Anna B. Day Elementary, which had erasure issues in three grades. In all, 28 students had suspicious erasures. A dozen were fourth graders flagged in reading. Most of their erasures were corrections. No flagged student made more than one right-to-wrong erasure.

Samuel B. Huey Elementary, which had 10 flags for grade-level erasures. Huey's fifth-grade reading scores rose an acceptable 25.4 percentage points, according to DRC. But grade-level erasures on fifth-grade reading tests were approaching 1 in 1 trillion odds of happening naturally. In all, 27 percent of fifth-grade students had suspicious math or reading tests.

John B. Kelly Elementary, which had grade-level erasure concerns in two grades, plus several other abnormal test outcomes. In third grade, 17 students were flagged for erasures, most in reading. One third grader made 18 wrong-to-right erasures on the math test, while another student had a combined 19 erasures in math and reading - each one wrong to right.

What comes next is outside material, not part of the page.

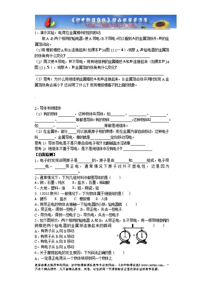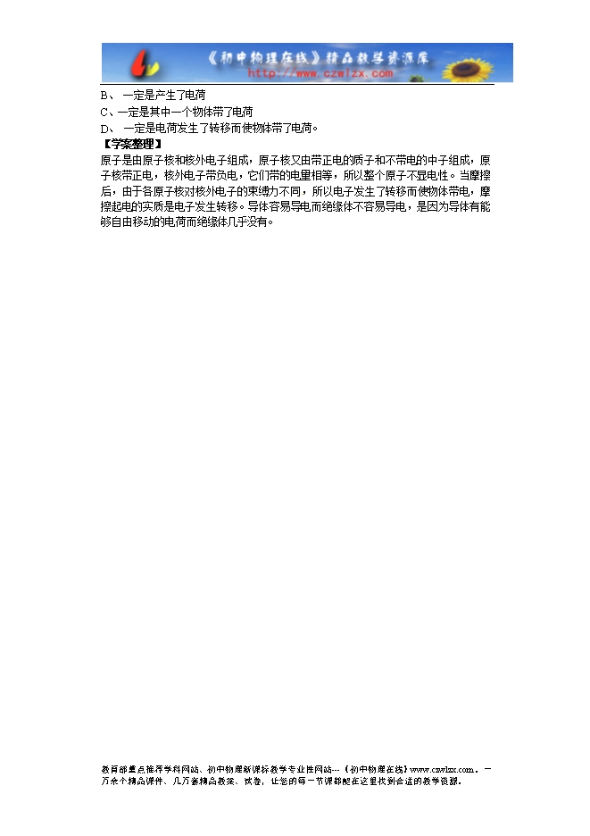 [温馨提示]:摩擦起电并不是创造出电荷,只是电荷发生了转移,使正、负电荷分开。能够发生转移是核外电子,而带正 电的原 子核不会移动。

Emlen Elementary, which was given erasure flags for both subjects in each grade. Of 28 students at the school with suspicious erasures, half were in sixth grade, and most erasures involved the reading test. DRC considered the 20.3 percent improvement on the sixth-grade reading test to be acceptable, but flagged the erasures as having a more than 1 in 100,000 chance of occurring naturally.

Communications Technology High, which was flagged for erasures in both math and reading. Of the students tested, 41 percent were marked for excessive erasures. Nearly all the students were flagged in both subjects.